An exact copy of the data is needed, one that excludes all pictures.

Data extract:
----------
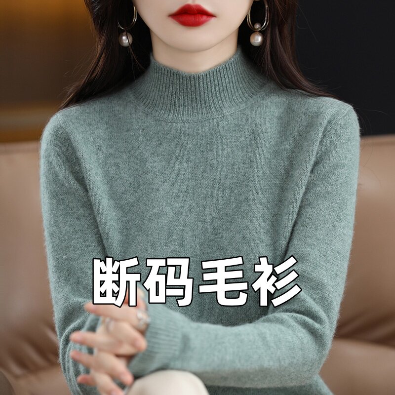 破产处理】 半高领秋冬毛衣女宽松套头加厚显瘦大码针织打底内搭
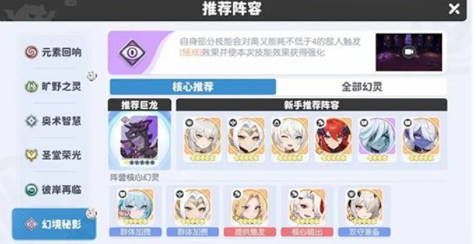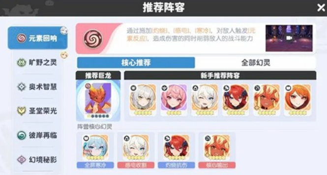在元素阵营中,爱神维纳斯能与元素反应机制产生联动,当队伍触发元素反应或敌方施加元素类减益时,她的技能效果将获得额外增益,因此她被视为补全元素队的关键拼图。前排仍可使用仲夏夜之梦·奥伯隆妮,输出位搭配炎魔·伊芙利特、齐格菲、魅夜之狩·芬里尔以及海神·波塞冬。跨阵营阵容中,以提尔锋为前排核心,搭配奥法领主·阿塔尼丝与爱神维纳斯,形成攻守兼备的体系,其他输出位可灵活选择尘世巨蟒·耶梦加得、万蛇之母·美杜莎等高星幻灵,提升整体输出与控制链完整性。
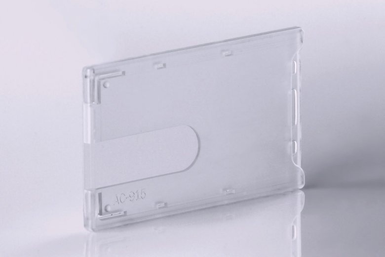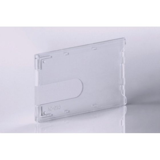 Pevná plastová visačka na magnetické karty 54 × 86 mm - vertikálna, vyrobená z priehľadného polomatného plastu. Dá sa zavesiť na klip alebo retiazku...
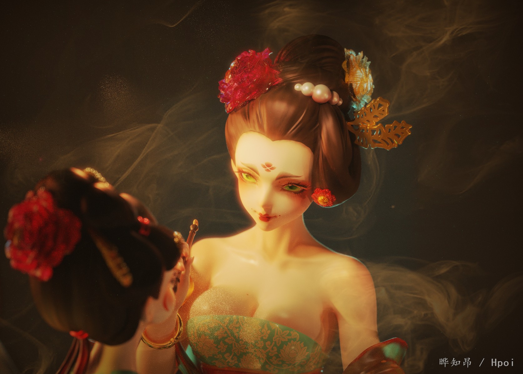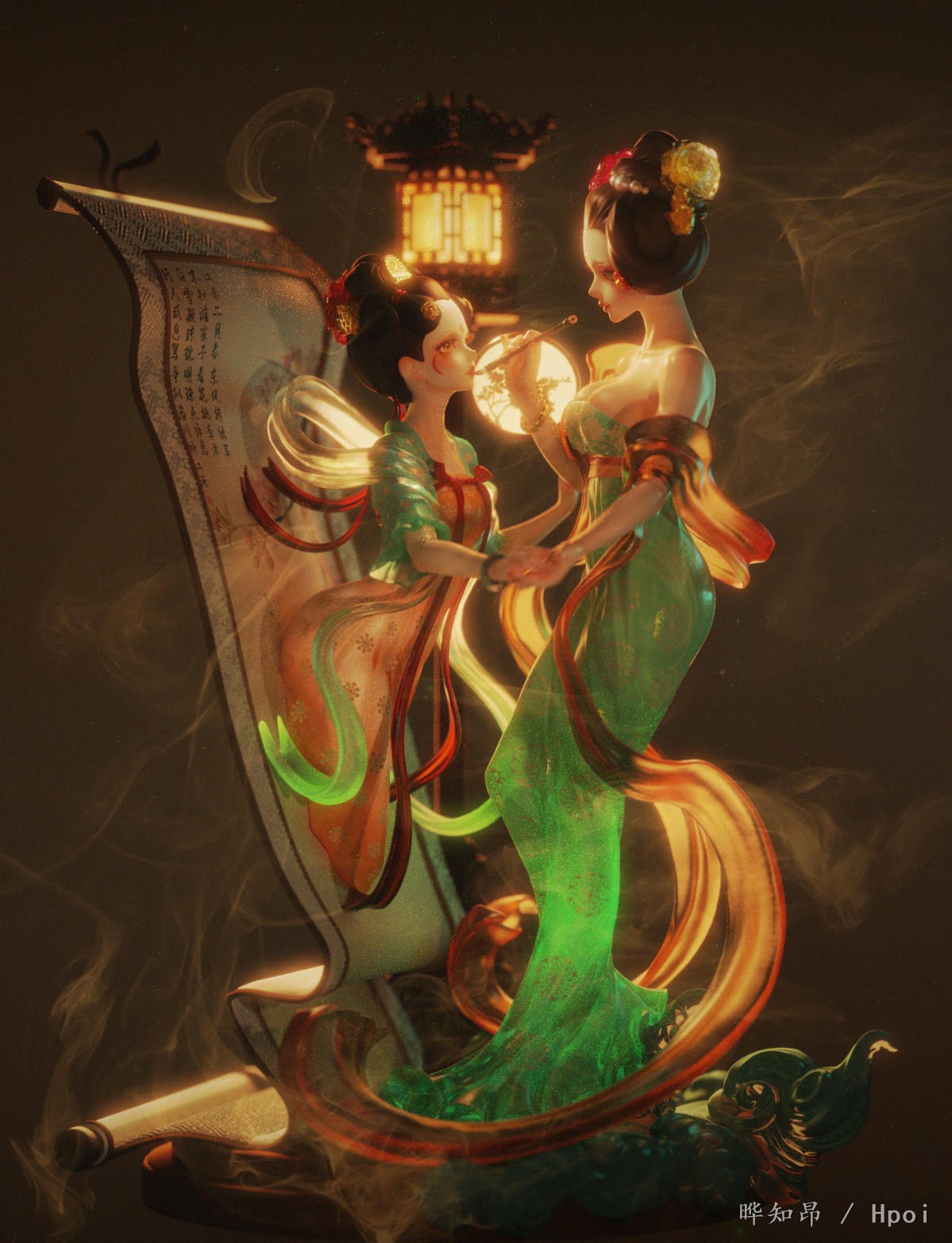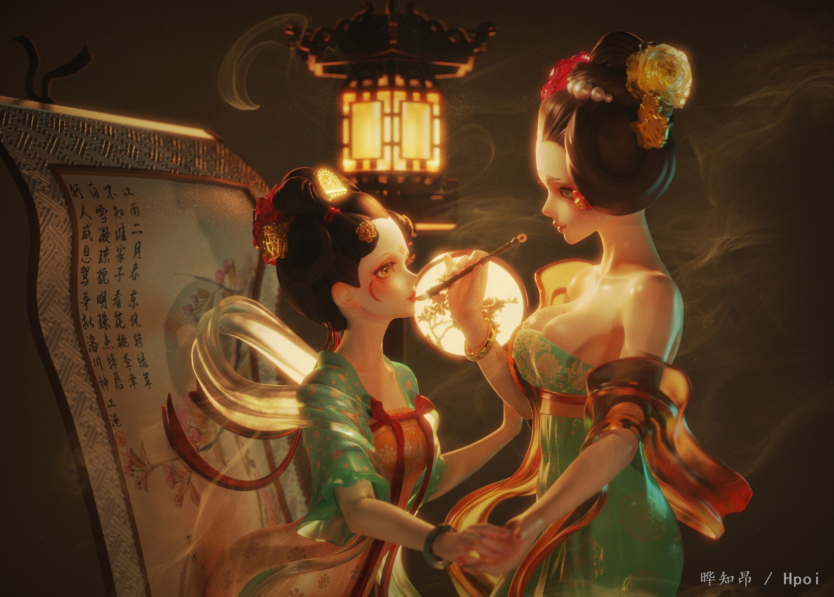 本作品名为《点绛唇》,唐妆女子深夜灯下执笔,想要为画中女孩点唇,不料一阵青烟之中,女孩自画中飘出,笔正点在唐装小女孩的嘴唇之上。小女孩一脸诧异,樱唇微张。而唐妆女子面带微笑,像是故意将画中小女孩拉出来一般。能保证完成品与草图描画一致,望通过,万分感谢!
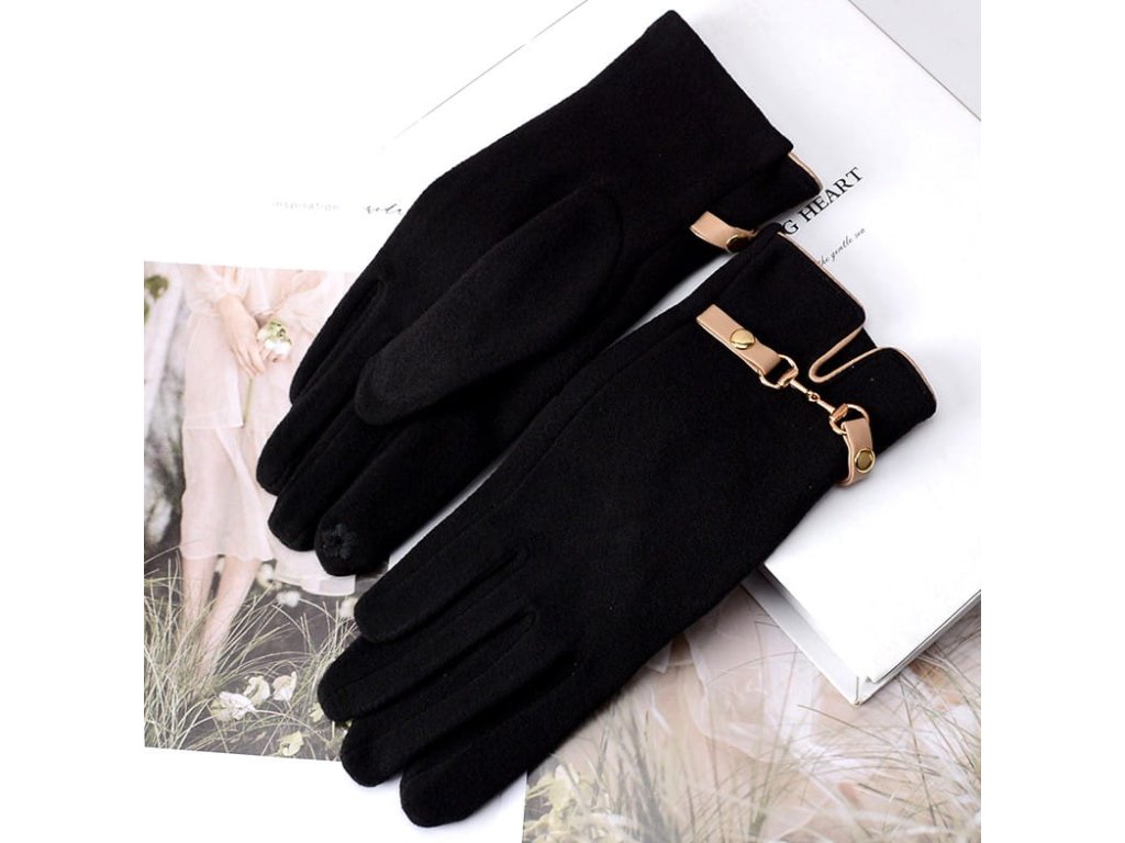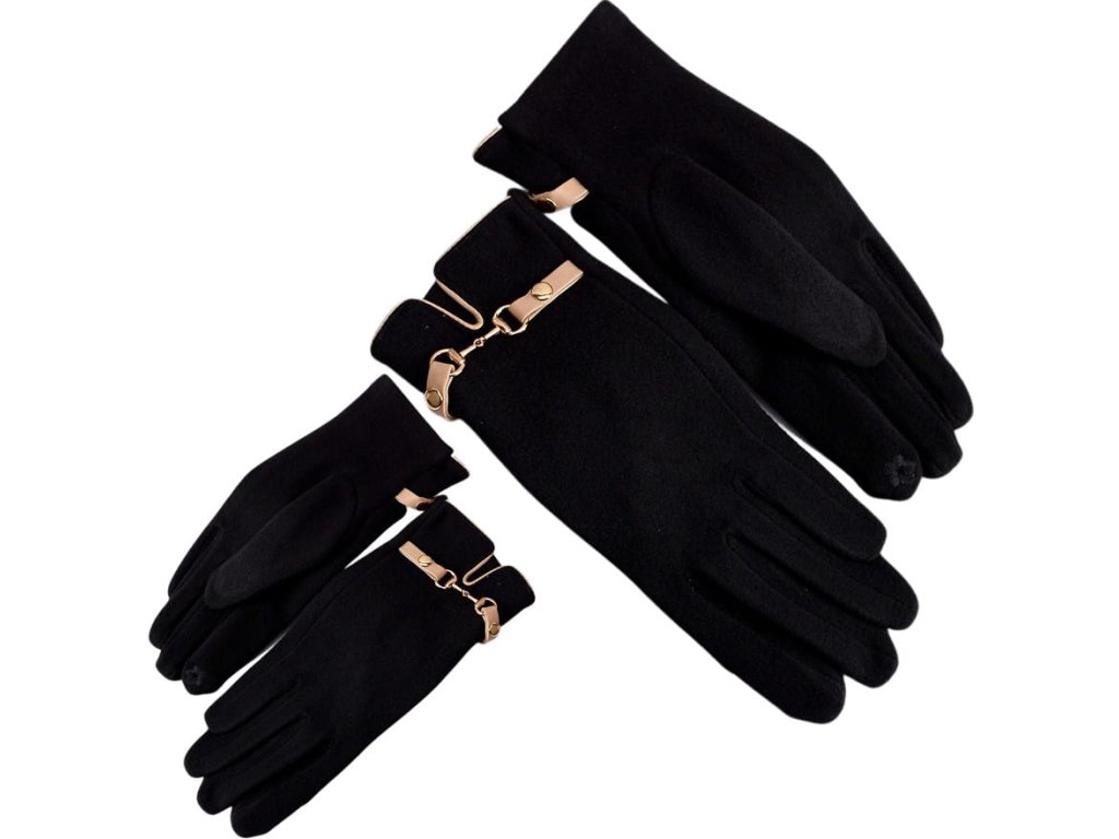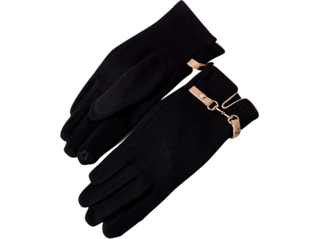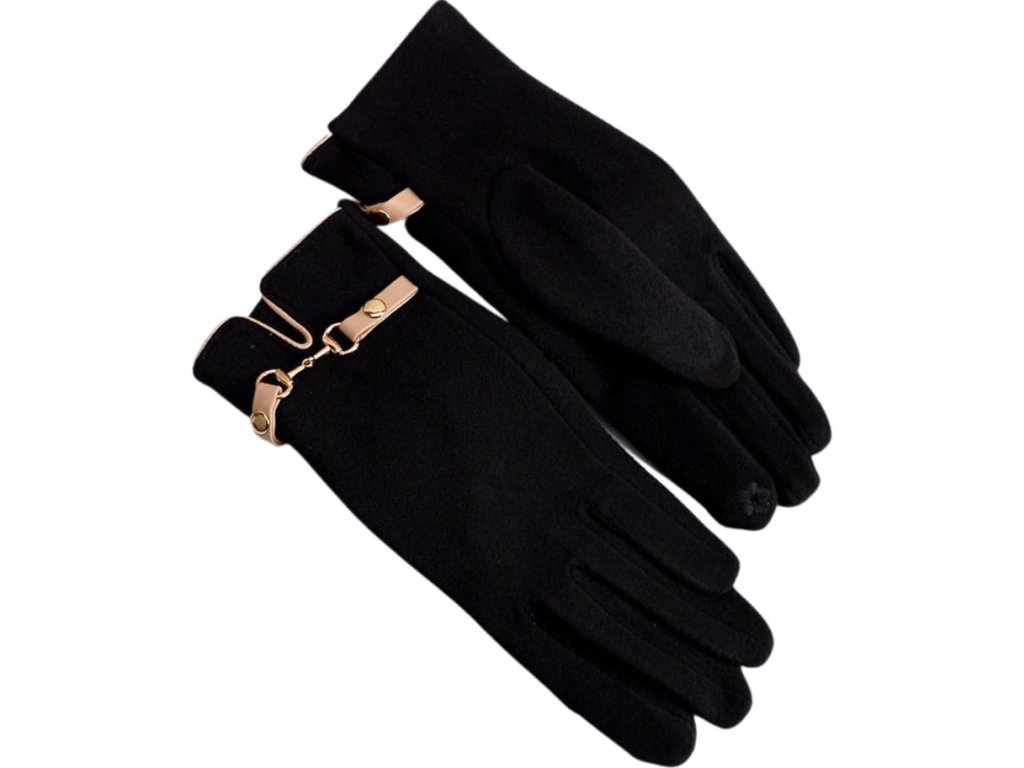 Dámské dotykové rukavice v elegantní černé barvě jsou zdobené krásnými kovovými vložkami pokrytými lesklou zlatou barvou a mají také výřezy na manžetách olemované kontrastním lemováním. Tento detail dodává rukavicím jedinečný a sofistikovaný vzhled.
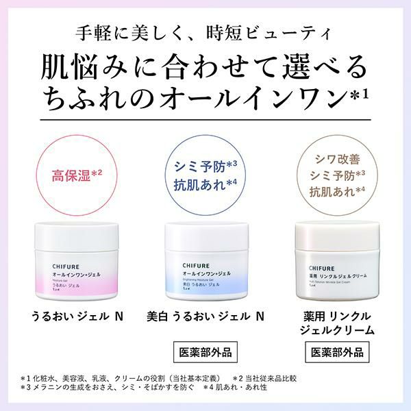 他の画像を見る ちふれ うるおい ジェル N 高保湿 オールインワン 化粧水 美容液 乳液 クリーム 化粧下地 正規品 ギフト対応可 日付指定可 10%OFF セール価格 ¥ 1,100 税込 カートに入れる お気に入りに登録する
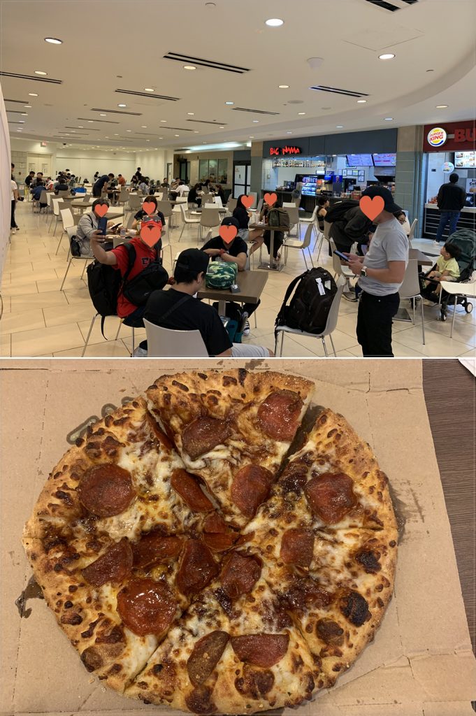 我點的是Domino’s比薩的最小尺寸。這個尺寸對兩個人來說剛剛好,包含飲料總共花費13.49美元。美食廣場內也有吸煙室。
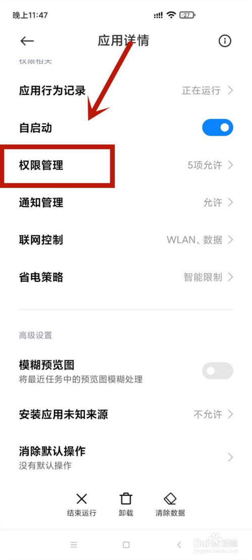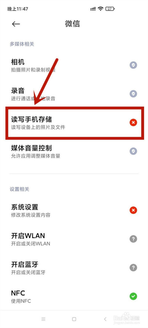 2.点击微信,再点击权限办理进入读写手机存储。
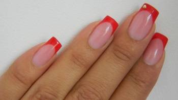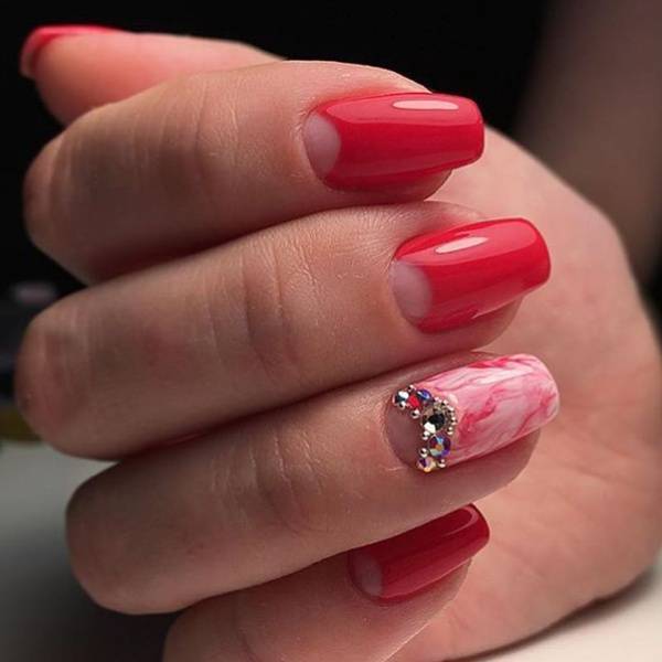 - Элегантное сочетание страз разного размера на красном фоне. Можно выполнить французский маникюр в красно-белых тонах и декорировать мелкими стразами линию улыбочки. Или выделить ее серебряной фольгой.
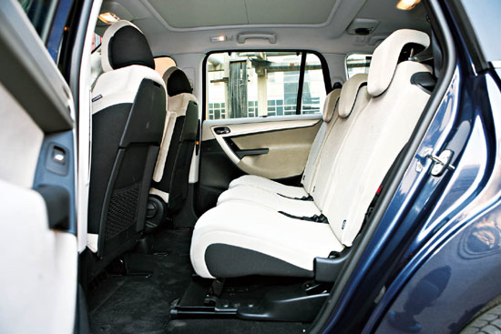 毫无疑问,大C4毕加索最吸引人的就是其“VISIOSPACE”全景空间的设计理念,在这种理念的指导下,6.4m2的整车车窗面积令大C4毕加索瞬间成为移动中的水族馆。事实上,全景天窗不仅仅是为第一排乘员准备,后两排乘客的享用更具现实意义,因此,MPV车型才是全景天窗最具价值的所在。大C4毕加索A柱的设计也别出心裁,中间三角窗的面积是目前市面上最慷慨的,由此带来了更为奢侈的车内采光。除了良好的采光,车内的空间也是大C4毕加索的优势,2728mm的长轴距保证了车内3排乘员的空间。
----------
Your solution:
 破产处理】 半高领秋冬毛衣女宽松套头加厚显瘦大码针织打底内搭
在元素阵营中,爱神维纳斯能与元素反应机制产生联动,当队伍触发元素反应或敌方施加元素类减益时,她的技能效果将获得额外增益,因此她被视为补全元素队的关键拼图。前排仍可使用仲夏夜之梦·奥伯隆妮,输出位搭配炎魔·伊芙利特、齐格菲、魅夜之狩·芬里尔以及海神·波塞冬。跨阵营阵容中,以提尔锋为前排核心,搭配奥法领主·阿塔尼丝与爱神维纳斯,形成攻守兼备的体系,其他输出位可灵活选择尘世巨蟒·耶梦加得、万蛇之母·美杜莎等高星幻灵,提升整体输出与控制链完整性。
 Pevná plastová visačka na magnetické karty 54 × 86 mm - vertikálna, vyrobená z priehľadného polomatného plastu. Dá sa zavesiť na klip alebo retiazku...
 本作品名为《点绛唇》,唐妆女子深夜灯下执笔,想要为画中女孩点唇,不料一阵青烟之中,女孩自画中飘出,笔正点在唐装小女孩的嘴唇之上。小女孩一脸诧异,樱唇微张。而唐妆女子面带微笑,像是故意将画中小女孩拉出来一般。能保证完成品与草图描画一致,望通过,万分感谢!
 Dámské dotykové rukavice v elegantní černé barvě jsou zdobené krásnými kovovými vložkami pokrytými lesklou zlatou barvou a mají také výřezy na manžetách olemované kontrastním lemováním. Tento detail dodává rukavicím jedinečný a sofistikovaný vzhled.
 他の画像を見る ちふれ うるおい ジェル N 高保湿 オールインワン 化粧水 美容液 乳液 クリーム 化粧下地 正規品 ギフト対応可 日付指定可 10%OFF セール価格 ¥ 1,100 税込 カートに入れる お気に入りに登録する
 我點的是Domino’s比薩的最小尺寸。這個尺寸對兩個人來說剛剛好,包含飲料總共花費13.49美元。美食廣場內也有吸煙室。
 2.点击微信,再点击权限办理进入读写手机存储。
 - Элегантное сочетание страз разного размера на красном фоне. Можно выполнить французский маникюр в красно-белых тонах и декорировать мелкими стразами линию улыбочки. Или выделить ее серебряной фольгой.
 毫无疑问,大C4毕加索最吸引人的就是其“VISIOSPACE”全景空间的设计理念,在这种理念的指导下,6.4m2的整车车窗面积令大C4毕加索瞬间成为移动中的水族馆。事实上,全景天窗不仅仅是为第一排乘员准备,后两排乘客的享用更具现实意义,因此,MPV车型才是全景天窗最具价值的所在。大C4毕加索A柱的设计也别出心裁,中间三角窗的面积是目前市面上最慷慨的,由此带来了更为奢侈的车内采光。除了良好的采光,车内的空间也是大C4毕加索的优势,2728mm的长轴距保证了车内3排乘员的空间。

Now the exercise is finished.